If such conversion or distribution
can be effected only with the approval or license of any government or agency thereof, the Depositary shall promptly file such application
for approval or license, if any, as it may deem desirable, after consultation with the Issuer.
If at any time the Depositary
shall determine that in its judgment any foreign currency received by the Depositary is not convertible on a reasonable basis into Dollars
transferable to the United States, or if any approval or license of any government or agency thereof which is required for such conversion
is denied or in the opinion of the Depositary is not obtainable, of if any such approval or license is not obtained within a reasonable
period as determined by the Depositary, the Depositary may distribute the foreign currency (or an appropriate document evidencing the
right to receive such foreign currency) received by the Depositary to, or in its reasonable discretion may hold such foreign currency
uninvested and without liability for interest thereon for the respective accounts of, the Owners entitled to receive the same.
If any such conversion
of foreign currency, in whole or in part, cannot be effected for distribution to some of the Owners entitled thereto, the Depositary may
in its discretion make such conversion and distribution in Dollars to the extent permissible and practicable to the Owners entitled thereto
and may distribute the balance of the foreign currency received by the Depositary to, or hold such balance uninvested and without liability
for interest thereon for the respective accounts of, the Owners entitled thereto for whom such conversion and distribution is not permissible
and practicable.
15.
FIXING OF RECORD DATE.
Whenever any cash dividend
or other cash distribution shall become payable or any distribution other than cash shall be made, or whenever rights shall be issued
with respect to the Deposited Securities, or whenever for any reason the Depositary causes a change in the number of Shares that are represented
by each Global Depositary Share, or whenever the Depositary shall receive notice of any meeting of holders of Shares or other Deposited
Securities, the Depositary shall fix a record date (after consultation with the Issuer if such record date is different from the record
date applicable to the Deposited Securities) (a) for the determination of the Owners of Receipts who shall be entitled to receive such
dividend, distribution or rights or the net proceeds of the sale thereof or (ii) entitled to give instructions for the exercise of voting
rights at any such meeting, or (b) on or after which each Global Depositary Share will represent the changed number of Shares, subject
to the provisions of the Deposit Agreement.
16.
VOTING OF DEPOSITED SECURITIES.
Upon receipt of notice
of any meeting of holders of Shares or other Deposited Securities, the Depositary shall, as soon as practicable thereafter, mail or cause
to be mailed to the Owners a notice, the form of which shall be subject to the reasonable discretion of the Depositary and applicable
provisions of United States and Argentine law that govern the form and content of such notice, which shall contain (a) such information
as is contained in such notice of meeting received by the Depositary from the Issuer, (b) a statement that the Owners, as of the close
of business on the specified record date, will be entitled, subject to any applicable provision of Argentine law, the by-laws of the Issuer
or the provisions of the Shares or Deposited Securities, to instruct the Depositary as to the exercise of the voting rights, if any, pertaining
to the amount of Shares or other Deposited Securties represented by their respective Global Depositary Shares, (c) a statement as to the
manner in which such instructions may be given, (d) if requested by the Issuer, any recommendation of the Board of Directors as to the
matters to be voted on, and (e) a statement that if no such instructions are received the Depositary will vote the Shares or other Deposited
Securities in the manner and under the conditions specified in Section 4.07 of the Deposit Agreement.
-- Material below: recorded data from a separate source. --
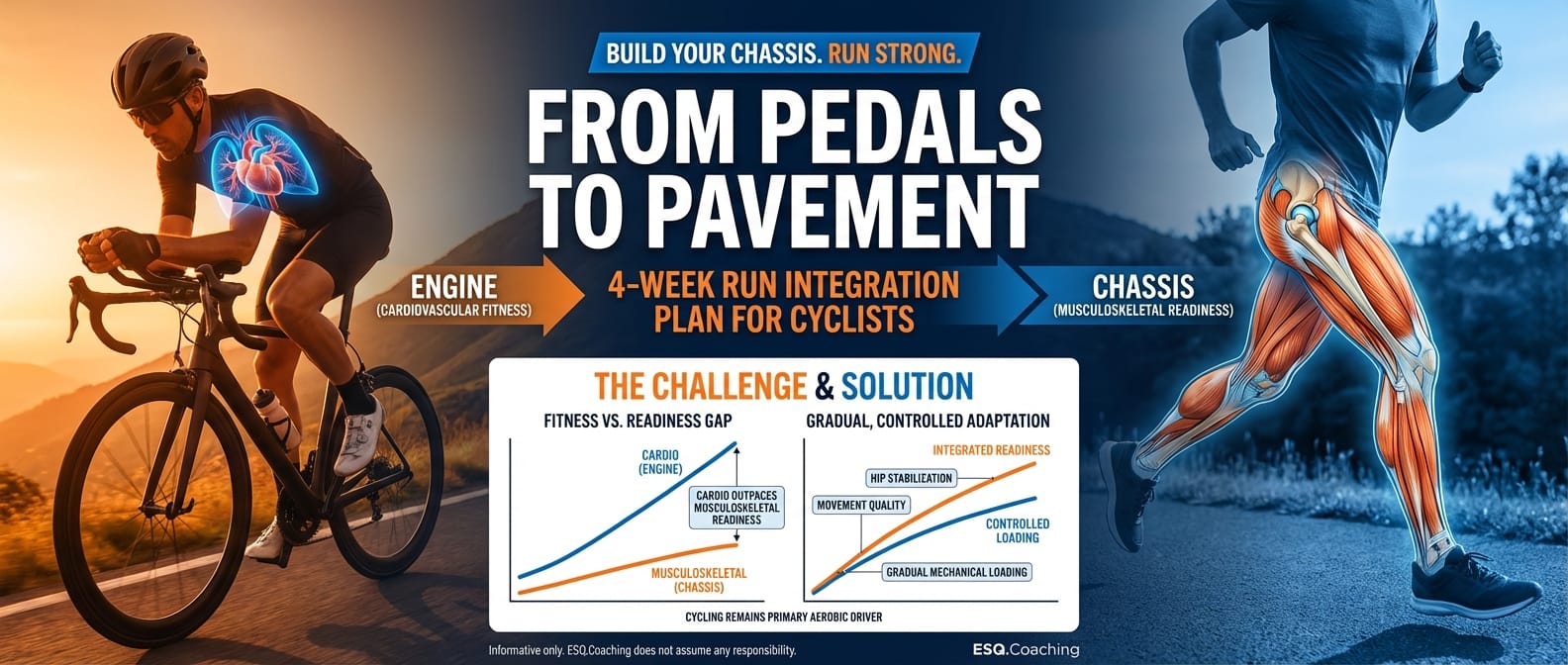 As a cyclist, you cannot simply “run your fitness into shape.” Your connective tissue, hip stabilizers, and neuromuscular coordination must be prepared deliberately.
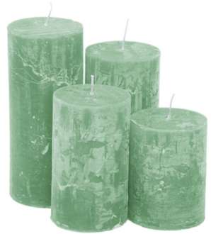 Rustikale Kerzen, abgestuft, Farbe: mint, Größen: 8 cm, 10 cm, 12 cm und 14 cm hoch, 6 cm Ø, Inhalt: 4 Stück.
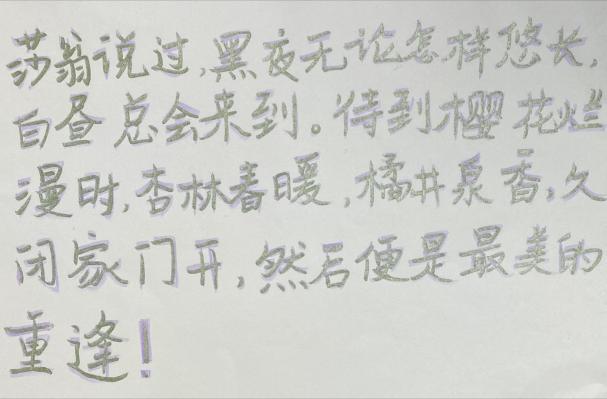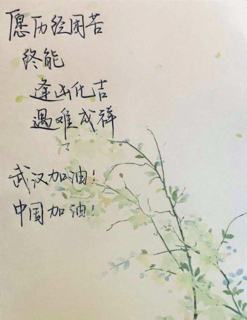 “中华民族历史上经历过很多磨难,但从来没有被压垮过,而是愈挫愈勇,不断在磨难中成长、从磨难中奋起。”我们众志成城,抗击疫情;我们守望相助,攻克时艰;我们齐心协力,同舟共济。这场没有硝烟的战斗必将是以我们的胜利而落幕。
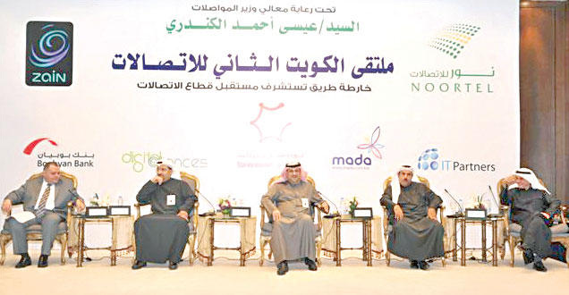 واوضح أن التحديات كبيرة والامال عريضة، لذا فقد بدأت وزارة المواصلات مشاريع البنية التحتية الكبرى منذ عدة سنوات، الامر الذي من شأنه ان يساعد على تغيير الواقع الحالي، والانتقال إلى الجيل الرابع كلياً في كافة قطاعات الاعمال، وإتاحة هذا التطور وإيصاله الى الجميع، لما لذلك من انعكاسات على الجانب التنموي والاقتصادي والانتاجي.ومضى الكندري يقول ان كافة الدراسات الاقتصادية والتنموية تؤكد اهمية إيلاء صناعة الاتصالات وتكنولوجيا المعلومات الاهمية الكبرى، ومنحها الدور الفاعل للمساهمة في تحقيق أهداف التنمية، مؤكداً أن هذا الامر بات نصب أعين الوزارة ويحظى باهتمام كبير من جانبها، ومتابعة من أعلى المستويات، وليس أدل على ذلك من الجهود المبذولة حيال تطوير القطاع والسعي إلى تنظيمه.قفزة نوعيةولفت الكندري إلى ان قطاع الاتصالات شهد قفزة نوعية وإجرائية، بعد ان تم تنظيم الترددات بين شركات الاتصالات المتنقلة بعدالة تامة، وتنظيم سوق تراخيص الانترنت والذي يعد الرديف الاهم للاتصالات المتنقلة، كما عملت الوزارة على تنظيم الاسعار والكلفة على المستهلكين سواء لخدمات الانترنت أو الاتصالات الدولية، بالإضافة إلى ربط شبكة وزارة المواصلات الدولية بعدد من الكوابل الدولية البرية والبحرية مع الدول المجاورة، الامر الذي سيساعد على تثبيت واستقرار حركة الاتصالات والانترنت.ووعد الكندري من هذا المنطلق بالسعي نحو تحقيق النطق السامي لسمو أمير البلاد الشيخ صباح الاحمد الجابر الصباح، على أرض الواقع وتحويل دولة الكويت إلى مركز مالي واقتصادي عالمي، وتحديث قطاع اتصالات وبنية تحتية قادرة على احتضان كبريات الشركات العالمية.وأشار إلى أن وزارة المواصلات تتطلع الى أن يساهم ملتقى الكويت للاتصالات من خلال ما سيقدمه من توصيات واستنتاجات تصب في تطور قطاع الاتصالات وتكنولوجيا المعلومات بصفة خاصة، ودولة الكويت بصفة عامة، وذلك لإيمانها الراسخ بأن التكنولوجيا المتطورة هي الطريق إلى التحديث في جميع المجالات الادارية والتعليمية والصحية والاقتصادية، مشيرا إلى أن هذا الامر يعد بمثابة التزام نحو الكويت واهلها قبل أن يكون خطة عمل تسترشد بها الوزارة.وأعرب الكندري عن أمله في أن يساهم الملتقى في وضع تصور شامل لتطوير القطاع ليتبوأ مكانة عالية تخدم اقتصاد الكويت، وأن يخرج بالتصورات المناسبة التي ستكون محل اهتمام وأن توضع على طاولة البحث والتنفيذ.تغيرات سريعةوخلال الجلسة الاولى التي ترأسها الرئيس التنفيذي السابق لشركة فيفا للاتصالات المهندس نجيب العوضي، قال رئيس مجلس الادارة العضو المنتدب في شركة نور للاتصالات المهندس أيمن البناو ان العالم يشهد تغيراً سريعاً في عالم الاتصالات، حتى أصبحنا نسمع مؤخراً مصطلحات جديدة منها TMT وDigita Media، وغيرها من المصطلحات التكنولوجية.وأضاف البناو أن الكويت التي تواكب هذا التغير المتسارع قادرة على أن تحقق سبقاً في هذا المجال من خلال التحول إلى "العاصمة الرقمية"، خاصة إذا ما عرفنا أن التغيير يساعد على خلق فرص جيدة من بينها أن تكون الكويت عاصمة رقمية في المنطقة، بمعنى أن يكون الناتج القومي من دخل الخدمات الرقمية الاعلى بعد النفط، مشيراً إلى أن ذلك يتحقق من خلال عدد من الامور أولها أن تكون الكويت مركزاً إقليمياً للاتصالات، وأن تكون رائدة في مجال الوسائط الرقمية، ورائدة في مجال تكنولوجيا المعلومات.وأكد البناو أن الكويت تمتلك كافة المقومات التي تساعدها على تحقيق ذلك، خاصة إذا ما عرفنا أنها تتمتع بموقع جغرافي مميز، والنسبة العالية في استخدام الهواتف الذكية، لافتاً إلى أن ذلك يتطلب بالأساس وضع خارطة طريق واستراتيجية متكاملة وخطط بمشاركة القطاعين الحكومي والخاص، على أن تتضمن هذه الخطط توصيل أكبر عدد من كابلات الألياف الضوئية للكويت، وإنشاء عدد من مراكز البيانات بمواصفات عالمية، وإطلاق قمر صناعي كويتي، إلى جانب مبادرة لتوفير وتحفيز استخدام الانترنت فائق السرعة.وحول الد

Upon the written request of an Owner
on such record date, received on or before the date and time established by the Depositary for such purpose, the Depositary shall endeavor
in so far as practicable, to vote or cause to be voted the amount of Shares or other Deposited Securities represented by the Global Depositary
Shares in accordance with the instructions set forth in such request. The Depositary shall not vote Shares or other Deposited Securities
represented by the Global Depositary Shares other than in accordance with instructions received from an Owner. The Depositary shall not
itself exercise any voting discretion with respect to the Shares or Deposited Securities represented by the Global Depositary Shares.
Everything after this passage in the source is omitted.